I like Flatpak just because it isn't Snap
The enemy of my enemy, eh?
...is my enemy's enemy, no more, no less. (Maxims of Maximally Effective Mercenaries #29)
Fair. Also, flatpak does not try to break everything by default, which is a plus.
Laughs in AUR
Laughs in nixpkgs
Laughs in confusion
(I dont know how i got here)
Cracks up in ebuilds
I like the aur too but a proprietary app that isn't updated to support newer dependencies, it most likely won't run anyway. At that point it's either broken app, broken system, or you don't have anything else installed using that library(yet).

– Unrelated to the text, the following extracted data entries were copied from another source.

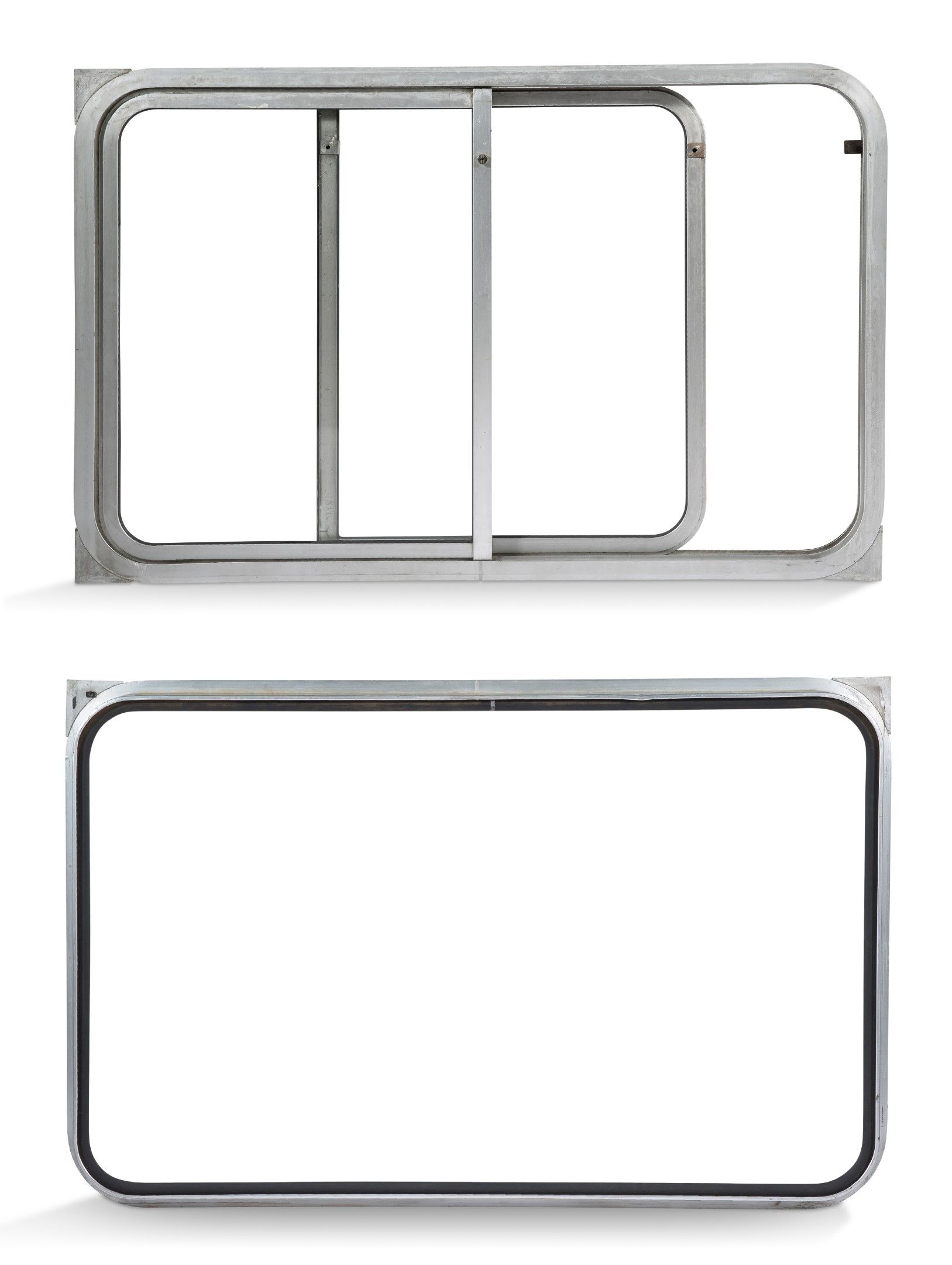 Aluminium and glass, one with fixed glass, the other with sliding glass.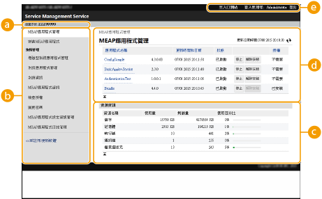 [系統管理]:顯示 MEAP 系統相關應用程式與資訊的管理頁面。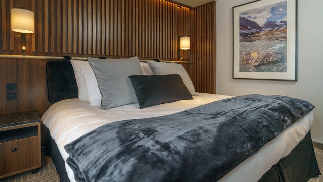 Wenn draußen das Eis knirscht und der eisige Wind über das Meer streicht, erwartet Sie an Bord ein Rückzugsort, der Wärme und Geborgenheit ausstrahlt. Die 102 stilvoll gestalteten Suiten – verteilt auf neun Kategorien – bieten Ihnen reichlich Platz, um nach Ihren Landgängen zur Ruhe zu kommen. Eine Dusche und Fußbodenheizung im Bad, flauschige Bademäntel, hochwertige Pflegeprodukte und ein gemütliches Bett sorgen für Behaglichkeit nach einem Tag in der Kälte. Ein Fernseher, Kühlschrank sowie ein Arbeitstisch und Kleiderschrank ergänzen die durchdachte Ausstattung. Und der leuchtend gelbe Parka? Der geht mit Ihnen auf Expedition, und als Erinnerung mit nach Hause.

Not an issue on NixOS, you can ship old deps with it
Not great to laugh at the mess Linux is in, due to people paddling in different, incompatible, directions. Users can't choose the package format. They have to take what they are given. Good or bad. I don't care which format. As long as it works. But this is a good way to scare more people off of Linux.
laughs at people scared of choice and "mess" . . .

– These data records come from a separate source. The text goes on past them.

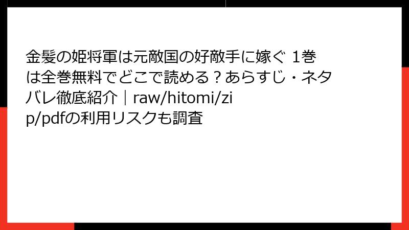 こんにちは、マンガ大好きブロガーのあかりです! 今回は、話題のファンタジーロマンスコミック『金髪の姫将軍は元敵国の好敵手に嫁ぐ』を、raw、hitomi、zip、pdf、漫画バンクなどの海賊版サイトで読むことのリスクについて、詳しく解説します。この作品は、壮大なストーリーと美しいイラストで多くのファンを魅了していますが、無料で読めるからといって海賊版サイトを利用するのは非常に危険。法的問題から個人情報の漏洩、デバイスへのダメージまで、リスクは多岐にわたります。この記事では、その危険性を具体的に掘り下げ、なぜ正規ルートで読むべきかを説明します。さっそく、詳細を見ていきましょう!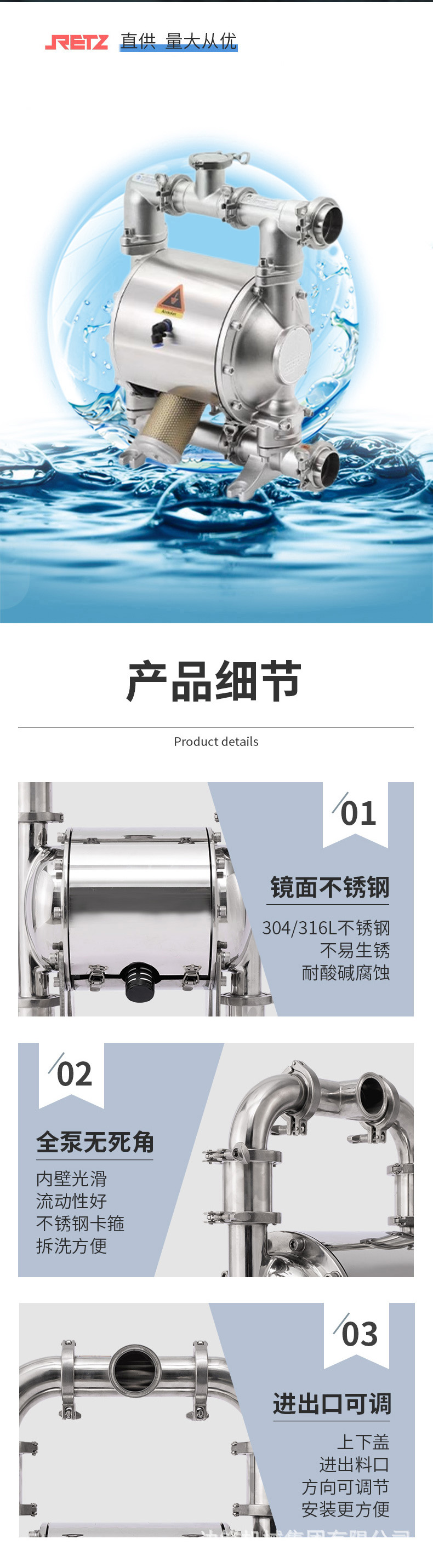 ·卫生级气动隔膜泵过流部件采用不锈钢304、316l达到食品级要求。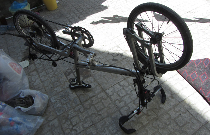 自転車屋のお兄さんによると、直せそうだけれども、すぐには無理ということで、一旦預ける。まぁ、トルクメニスタンビザ受け取りのため、どうせ待たなきゃいけないから、2日くらいは問題ない。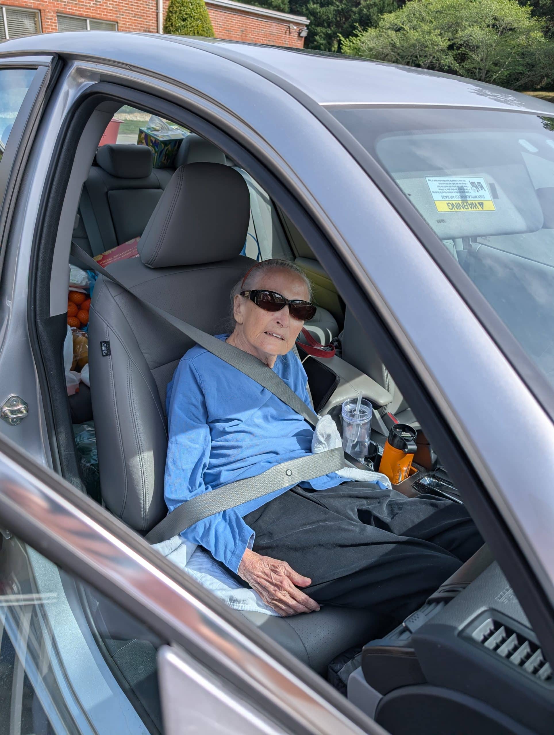 Below: Here is mom getting settled in the car as we are about to leave the rehab center.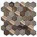 HEXAGON STICK ON TILE BACKSPLASH-3mm thickness,made of textured resin mixed with aluminum brushed, total 90chips mounted by hand tightly each sheet, durable & realistic mosaic tiles,matte & glossy combination

If they're switcing to linux they should first come to know about open source forking around - arguably - one of the most important features of the whole thing.
If they don't wan't that choice and all that inevitable open source forkery, they probably should go for an apple mac or windows or something like that. And maybe they will have to pay for some software for the privilege because it takes work to do those things. They can of course try plain old ubuntu and do stuff the way canonical wants, that removes quite a bit of choice if it is otherwise too terrifying for them.
But in general, I don't think its a good idea to to try to sell pig-carcasses to vegans by painting them the colours of broccoli.
Lol who the fuck is blaming app devs? Also something something arch
aur is the only thing I miss. I do like fedora with i3 very much but rpm can be pain in the ass sometimes
could you perhaps run them with Distrobox? i was always wondering that.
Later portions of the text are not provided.